___ Data in this exercise ___
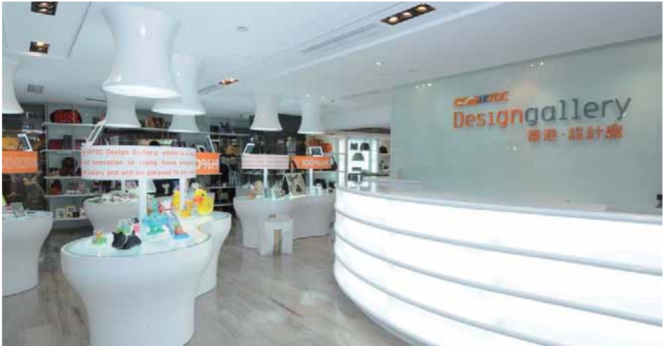
斬新なデコレーションの店内風景
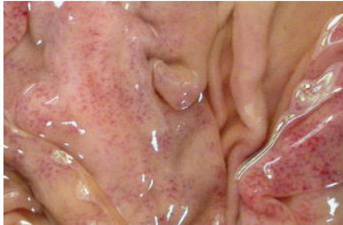
Figura 7. Mucosa gástrica de un ovino dañada por la presencia de H. contortus (Caracostantogolo, 2000).
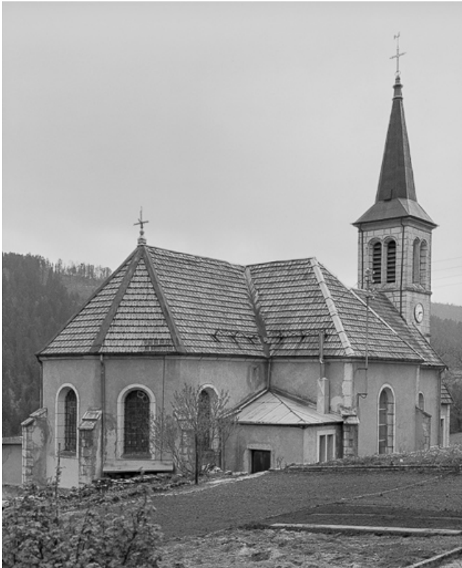
Façades postérieure et face latérale gauche.

25, Villers-le-Lac, lieudit : le Pissoux
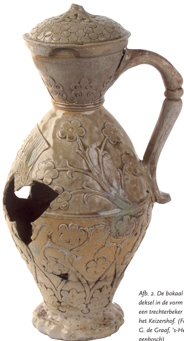
Afb. 2. De bokaal met deksel in de vorm van een trechterbeker uit het Keizershof.
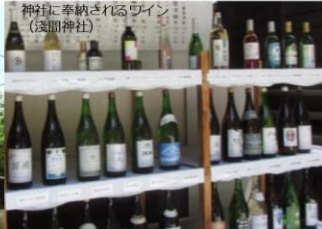
神社に奉納されるワイン（浅間神社）
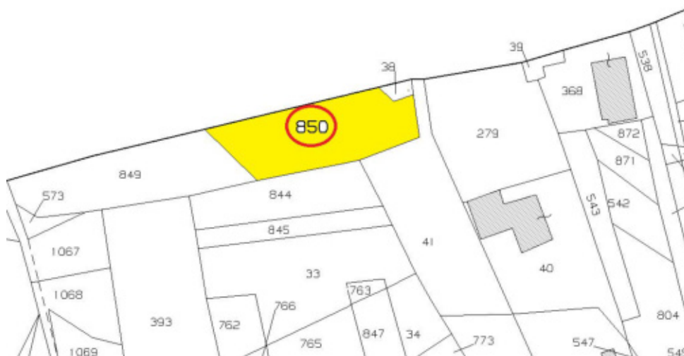
FOTO N°16 - Terreno agricolo fg. 40 part. 850 – LOTTO N°1 - bene n°5
___
Exercise objective -
Please repeat exactly the lines from the one containing "Afb. 2. De bokaal" through the last line of the records, both included, and leave out the pictures.

Solved problem -
Afb. 2. De bokaal met deksel in de vorm van een trechterbeker uit het Keizershof.
神社に奉納されるワイン（浅間神社）
FOTO N°16 - Terreno agricolo fg. 40 part. 850 – LOTTO N°1 - bene n°5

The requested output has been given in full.